Happy Birthday today to The Spaceman, the irrepressible Ace Frehley, whose lead guitar work in the original version of the rock and roll quartet KISS elevated that band to one of the all-time great groups of that genre.
While the co-frontmen — Gene Simmons, with his blood-spurting, bass-playing rock shock antics, and Paul Stanley, all-around good guy with the sly wink — were pretty much always (and continuing to this day) at the forefront, it was the guitar sounds of the Space Ace and his attitude as well, which seemed to come from the Johnny Thunders/Ron Asheton/Wayne Kramer down and dirty rock variety that gave KISS arguably its musical cock walk strut on record, on stage, and in print.

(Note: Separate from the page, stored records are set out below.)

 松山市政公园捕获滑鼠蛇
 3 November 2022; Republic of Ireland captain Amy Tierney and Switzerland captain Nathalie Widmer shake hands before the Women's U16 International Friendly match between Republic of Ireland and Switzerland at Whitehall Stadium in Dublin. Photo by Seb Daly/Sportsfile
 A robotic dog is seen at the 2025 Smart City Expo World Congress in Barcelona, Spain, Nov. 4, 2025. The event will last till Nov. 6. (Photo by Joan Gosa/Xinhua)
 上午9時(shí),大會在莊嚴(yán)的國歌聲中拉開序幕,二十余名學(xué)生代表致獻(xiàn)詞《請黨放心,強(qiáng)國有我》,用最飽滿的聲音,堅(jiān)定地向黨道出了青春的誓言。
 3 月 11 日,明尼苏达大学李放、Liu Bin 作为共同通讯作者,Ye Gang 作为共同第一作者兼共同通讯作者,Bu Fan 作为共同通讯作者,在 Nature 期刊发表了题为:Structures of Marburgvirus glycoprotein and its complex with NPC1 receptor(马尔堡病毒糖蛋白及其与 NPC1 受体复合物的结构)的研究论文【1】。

Frehley was the dark horse of the group who usually had musical photo finishes; he was the iron glue and in a lot of ways the one who experienced the most identity crisis, almost like the George Harrison in the theatrical greasepaint, the makeup which concealed the band’s identity during their heyday in the 1970s, but never concealed the band’s workman-like musical ethic.

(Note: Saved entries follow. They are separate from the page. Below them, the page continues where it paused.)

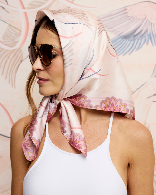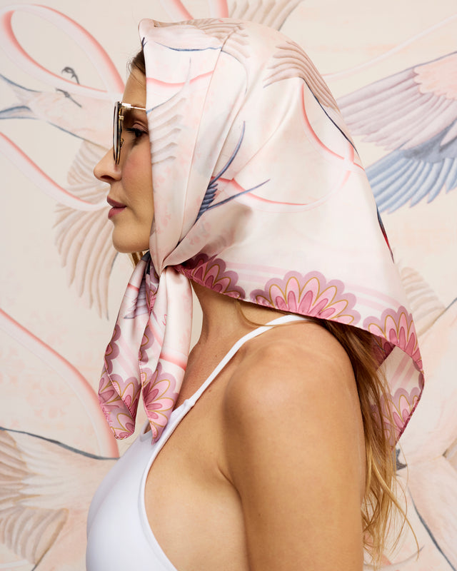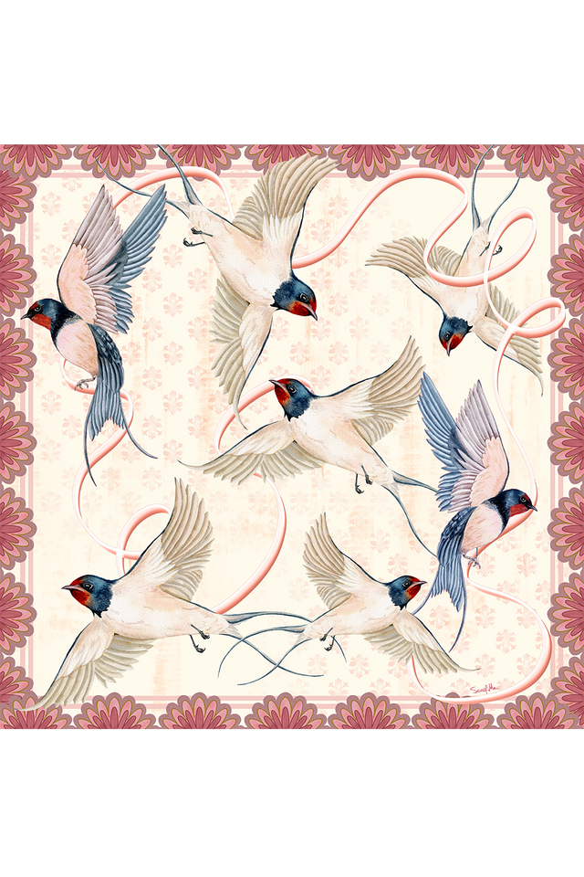 The Flight of the Swallows scarf in polyester satin | 70x70cm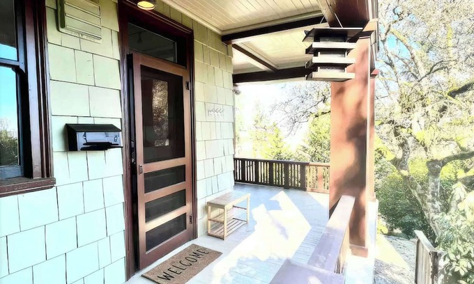 Escape to this charming 1912 craftsman apartment in Willamette Heights, steps from the largest urban park in the U.S. Enjoy stunning mountain views, a private garden patio, and free onsite parking. This 1-bedroom retreat features hardwood floors, a full kitchen, and a spacious living room with sleeper sofas. Stay connected with fast Wi-Fi, and unwind with streaming on the HDTV. Perfect for nature lovers and city explorers alike.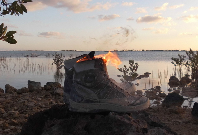 When I managed to catch up with James, he was stalking a tailing bone and when he hooked it, he radioed me to say it was a nice fish. I had watched him cast to it and then saw the bone tail on his fly, then speed away and heard his reel fly. It is always lovely to watch such a spectacle and I managed to get several photos of him playing the fish and holding it once he landed it. We estimated it was around 6lb and a great fish to finish the day, and also the holiday on. After 30 days of fishing, we were pretty knackered and personally besides my feet killing me, my shoulders and back needed a break too. As commented by James I had some problems with both pairs of fishing boots I had with me and we decided to ceremonially burn one pair on the water's edge before we left the flat in order to appease the bonefish gods. The other pair, the ones I wore on the last day, were left in the garden of the cottage we stayed in, as ornamental decoration, these smelt almost as bad as a pair of Paul's socks so will make an excellent addition to the aroma of the local flora.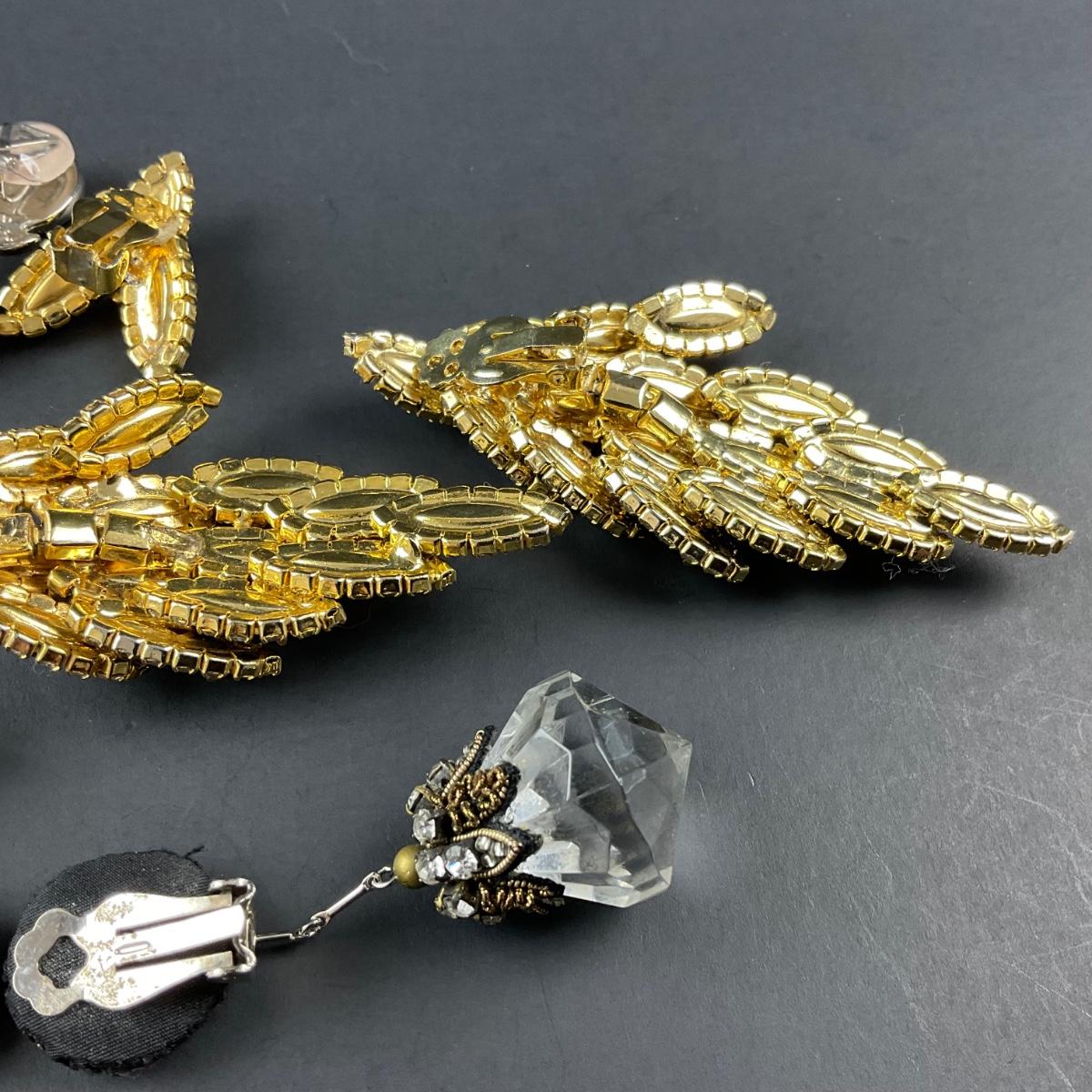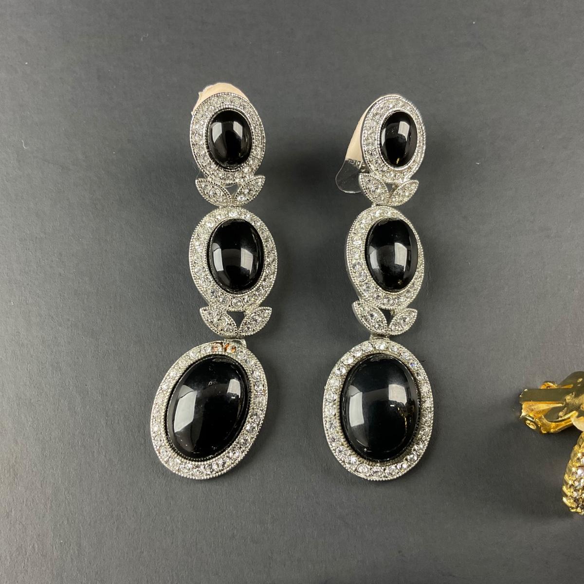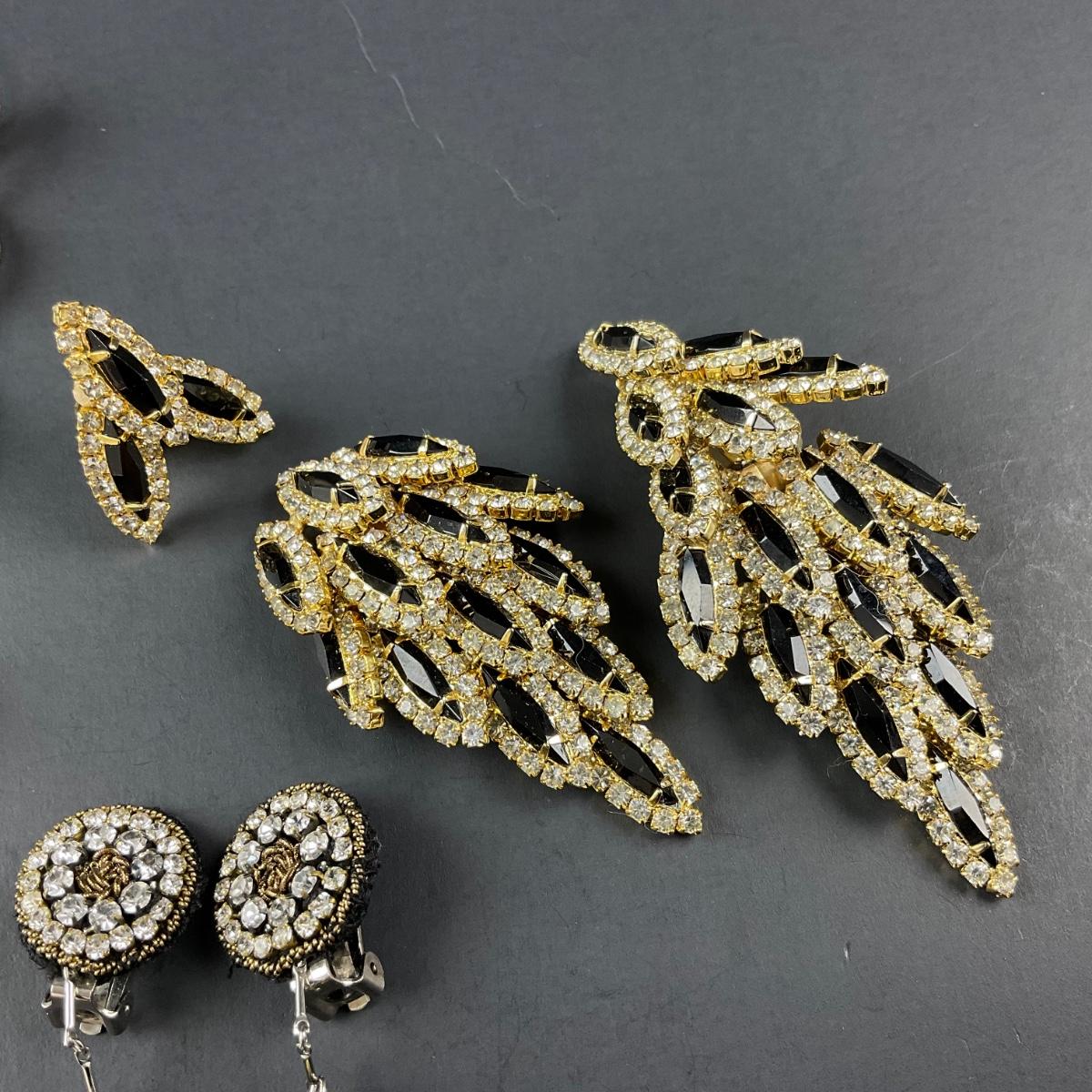 Four pairs of costume jewelry earrings some of them appear to have a good amount of damage. Some of the names of these pieces include Weinberg New York, and Carolee. Please see photos for details and condition. Any condition statement is given as a courtesy to a client, is an opinion, and should not be treated as a statement of fact. Reference to condition written, oral or within a condition report shall not be regarded as a full account of condition and may not include all defects, alterations, or restorations. Absence of a condition report does not imply a lot is flawless or lacking imperfections or damage. Katherine’s Auction & Appraisal Service shall have no responsibility for any error or omission. Returns shall not be accepted on the basis of condition. ::: Shipping is available on this lot. If you require shipping you must let us know at the close of the auction. We will coordinate with you after the item has been won. Shipping fees will include insurance up to or exceeding the value of all items being mailed. If you have any questions regarding this lot please contact the auctioneer either via this website, by direct email or by phone. PICK UP TIMES and other important information can be found in the TERMS and DESCRIPTION of the auction. Please take a look for pertinent information. Thanks!

Each KISS record during that time was met with much success, finely crafted in the studio, as the band, helped immensely by Frehley’s guitar work, vocals, and the rare main vocal, churned out records one after the other at a rapid clip which were at once treated as good party rock and roll done to the highest levels. Even though the band looked physically menacing in their garb, which consisted of enormous platform boots and spaced-out lavishly decked leather, glitter, and tons of swagger, it was all done basically tongue-in-cheek; the original fan base consisted of young people for the most part, as the band was kind of a more accessible version of what other bands like Alice Cooper and Black Sabbath were doing at the time and mixed in with some glammed up T-Rex and David Bowie, dashes of The New York Dolls, and ultimately at the core, semantics versions of three-chord basic rock and roll ala Chuck Berry.
It was blended all together to create a sound all their own, and although KISS endures to this day with a different lineup (still fronted by Simmons and Stanley), the fans and the presence of any lineup gives off the halcyon allure of the days with Frehley and drummer Peter Criss, something that was solidified and crystallized by the fact that out of all the solo albums that the band released 35 years ago individually, it remains Frehley’s that stands out as the best effort, helped by the memorable cover of the song “New York Groove.”
Frehley still has a fan base himself that is passionate and speaks in multitudes. The man still creates now and then, still tours here and there, the presence of him has never left the limelight completely. Intertwined with KISS forever, it will be sight to behold what takes place if he rejoins his former bandmates if KISS ever makes it into The Rock and Roll Hall of Fame; their glaring omission is treated with much contempt and bewilderment and a faux pas of the highest order by the Hall’s committee that they aren’t in there.
But non-accolades aside, Ace Frehley and his work in KISS has been immeasurable and stands up as the band’s now generationally spanned audience is as rabid and the “Kiss Army” still thunders on, with full mettle and intensity usually reserved for bands like Led Zeppelin and The Beatles. To some, KISS is right up there with those aforementioned bands; to others, eyes roll at the audacity that someone would even mention KISS in the same breath. It doesn’t matter ultimately; what matters the most is what the fans like, and the adoration for the band and its members, including Frehley, is all that counts, and is a true testament of crowning success for a band that steals everyone’s love, shocks them, and rock and rolls all night and, well, you know the rest.
Happy Birthday, Ace*!
*Ace Frehley is also the patron saint of Geeks of Doom.